BPD behaviours aside, perhaps you are going about this the wrong way... .

I'm assuming that it is YOUR plan (or your wife's) to move your daughter. But you need help from the son.

I agree that getting the attic ready is probably a job for both you and your wife, however you need to decide if it's a job that YOU want, or that SHE wants. If it's what SHE wants, and you dont care - then let her do it at her pace. But it sounds like it's a job that YOU want.

So manage it. Plan and execute. You can tell your wife: "Here's the agreed timeline (that she agreed to). For it to happen, that wallpaper needs to be stripped by Friday. Are you able to?". If she agrees, then use natural consequences. On friday if it's not done, pay the painter to do it and tell your wife "I'm sorry you weren't able to do it. There's no problem I've paid extra and that money has come from <the vacation budget> or <delay the new TV> or <something>". So you are not upset - you've asked her to do something by a set time (and she's agreed). The consqeunce of her missing that is a set thing.

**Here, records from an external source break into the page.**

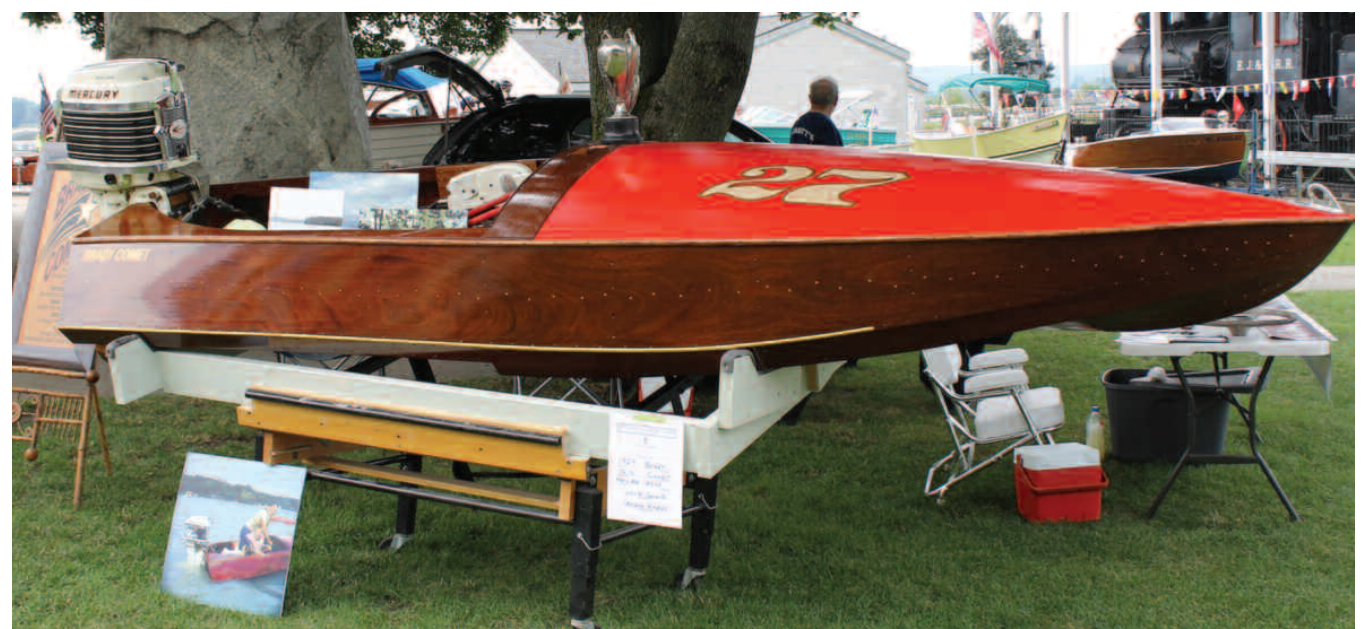
South Arm Classic provides attendees with a free opportunity to view classic examples of gorgeous vintage craft on the grounds at Memorial Park and in the waters of Lake Charlevoix.

For additional information visit www.southarmclassicboats.com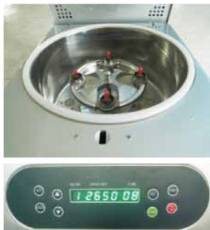
Put PRP kit into the rotor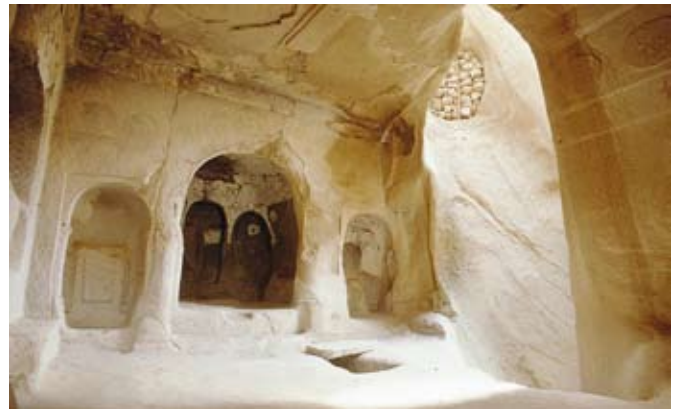
Fig. 11 - Cappadocia, Turkey.

In Italy it is possible to insert into the register of artifi-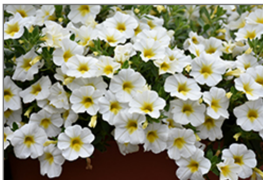
Superbells Over Easy Calibrachoa flowers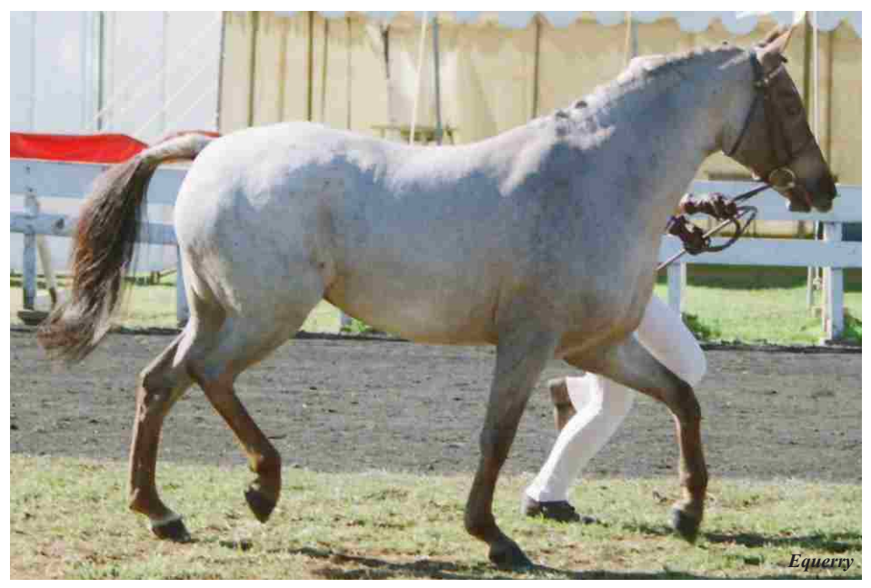
Caegwyn Dark Secret – Part Bred Champion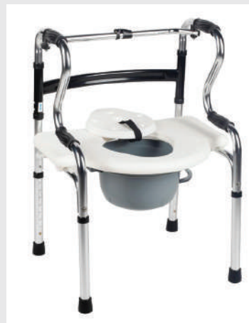
5-IN-1 SHOWER COMMUNE CHAIR SFN-SCC-5IN1-501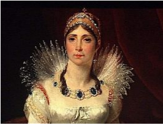
Left: The Empress Josephine in a very fancy evening gown with accessories

Now that we know what a lady needed to wear to a ball, let us move on to watching her at her “toilette.” The following is an excerpt from my Regency Inspirational Romance, Before the Season Ends . Ariana Forsythe is getting ready for an evening party at which there will be dancing.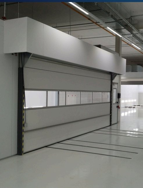
Project: Van Mossel KfZ, Netherlands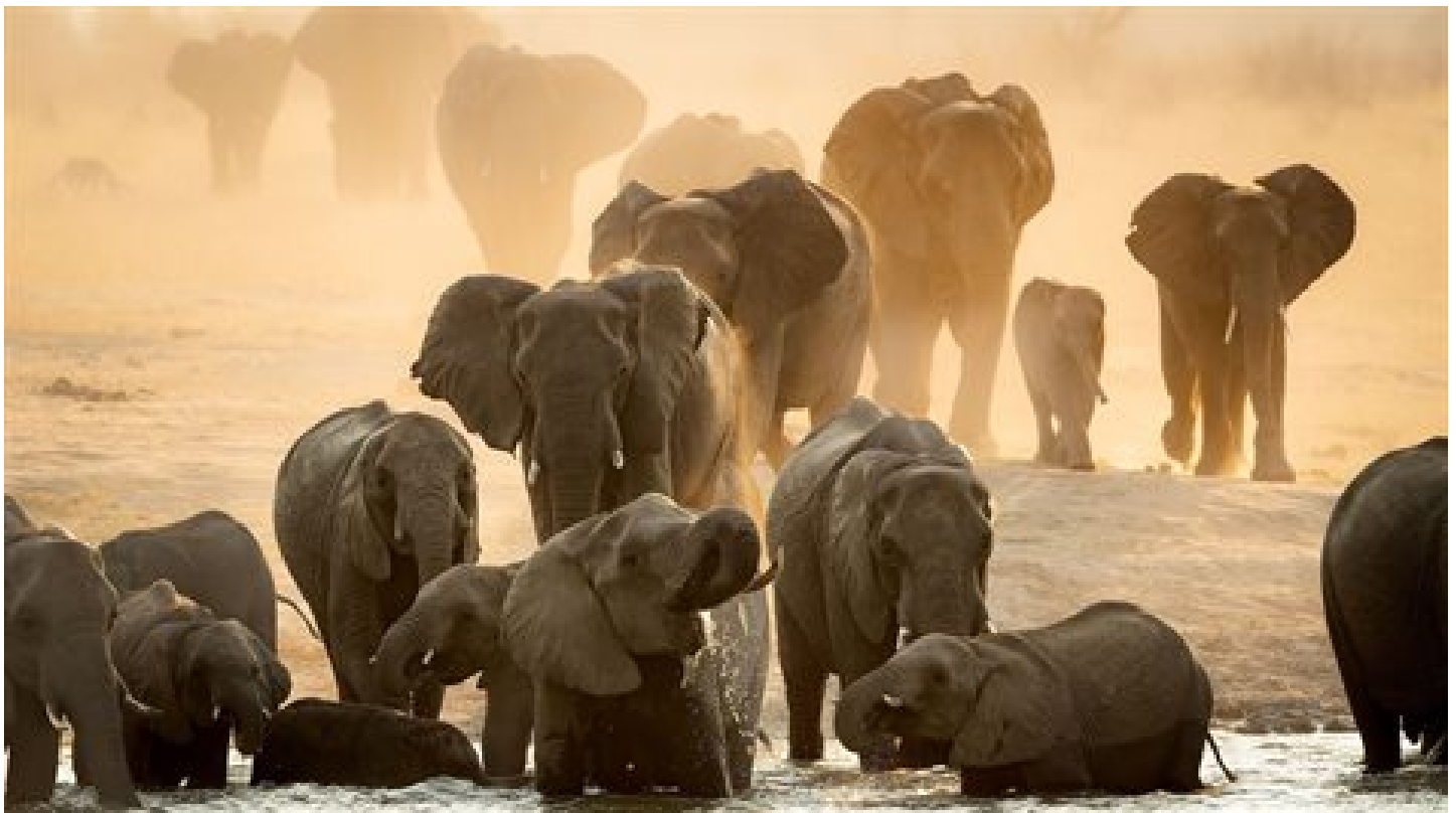
Elephants 1 Rudi van Aarde

Reconnecting natural areas and enlarging protected estates are possible solutions, and align with the guiding principles of the Global Deal for Nature , a plan proposed by researchers that outlines what it will take to maintain a liveable planet. Connecting existing protected areas with one another could ensure the viability and continued existence of populations of large-bodied herbivores, including elephants.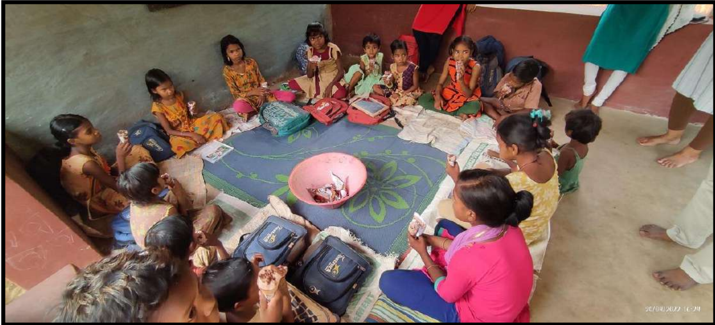
Dessert distribution among the students. They are trained to keep the classroom clean.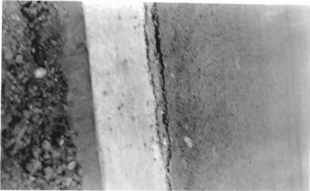
Figure 1 - Surface Cracks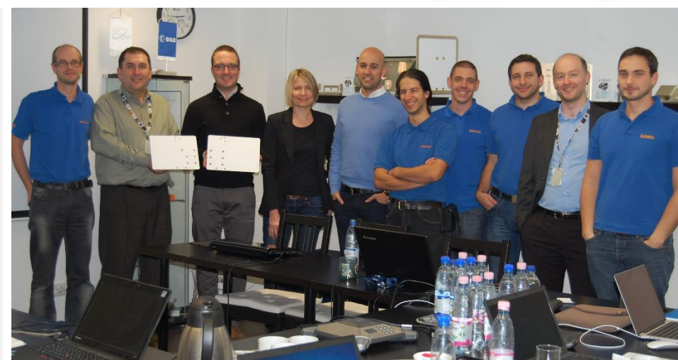
Photo: Successful Delivery Review Board meeting of CHEOPS Radiators STM model (Structural and Thermal Model) on 27 November 2014 in Miskolc with the participation of the Swiss consortium leaders.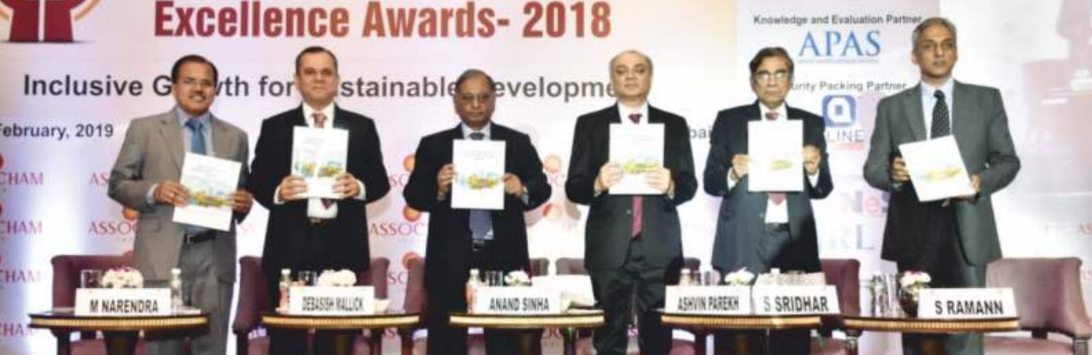
Release of Knowledge Report by Chief Guest at 14th Annual Banking Summit 2018 held on 26th February 2019, Mumbai.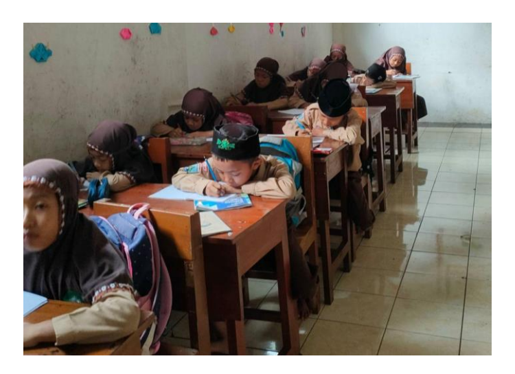
Figure 9. Teaching and learning activities in class 3A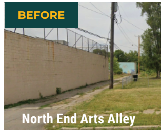
North End Arts Alley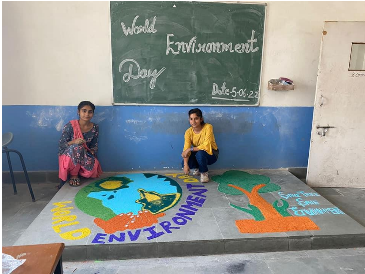
Students participated in World Environment Day on June 5, 2022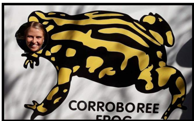
New Corroboree Sign

Bridal Creeper ( Asparagus asparagoides ) is a noxious weed of National Significance and is a major weed of natural bushland in Southern NSW. It was very dominant along the dam bank when we started to work in the park. It is a perennial climber that can smother neighboring plants. It is very tough and has mats of underground tubers that re-sprout every year. Weeding the visible plant is useless as the tubers will just re-grow. The only way to remove it is to unearth and remove the mats of tubers, which are sometimes quite deep in the soil. The early efforts to remove it involved rolling up mats of tubers like a carpet.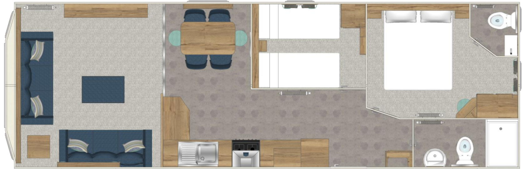
Upgrades/Changes From Standard 2021 Coworth

Carpet strip moved between living area and kitchen (window moved to be central)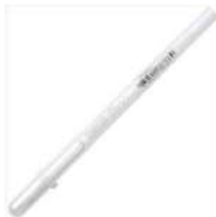
Sakura CLEAR GLAZE Gel Pen 38386 at...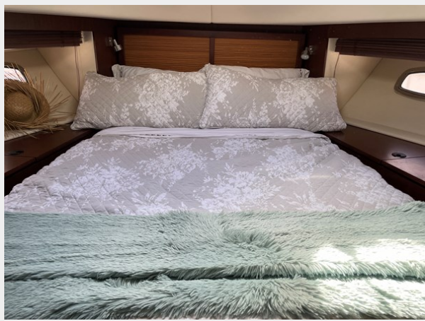
40_2014 54ft Sea Ray Sundancer BRIGG SEA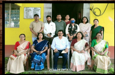
অধ্যক্ষ মহোদয়ৰ সৈতে শৈক্ষিক বিষয়াসকল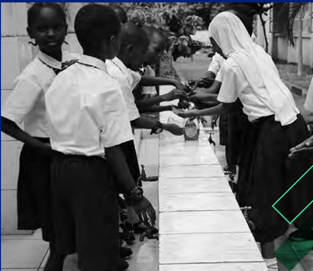
Students wash their hands at Diamond Primary School.

During the COVID-19 pandemic, health and hygiene practices have taken on new importance throughout schools in Tanzania. Historically, hygiene-related diseases have been linked to student absenteeism. The increased focus on hygiene practices is helping keep students in school.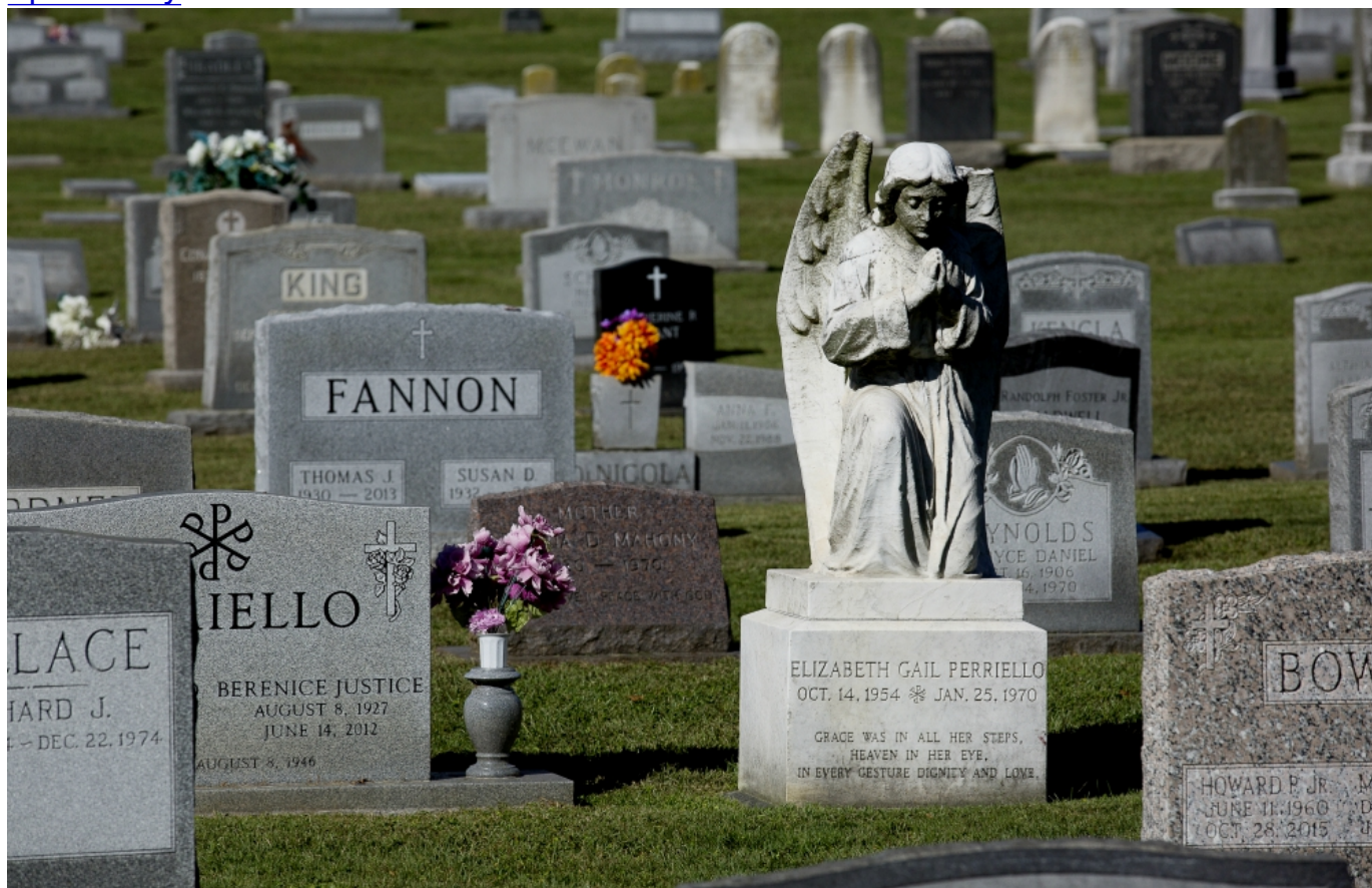
St. Mary Parish's cemetery in Alexandria, Virginia

For your son - tell him the same. Depending on age: "we need your help to move. On Monday, I will move X and Y into the attic. I expect YOU to move the rest. Anything that hasn't been moved I will sweep out and <put out in the garage for you to sort through> or <throw away>."

It's an agreed plan, with clear jobs defined, definite timeframe. And if people don't do what they are expected, then it is NOT allowed to hold up the rest of the timeline - you simply have a work around that causes them some consequence (NOT a punishment, but a "they have to sort it" action).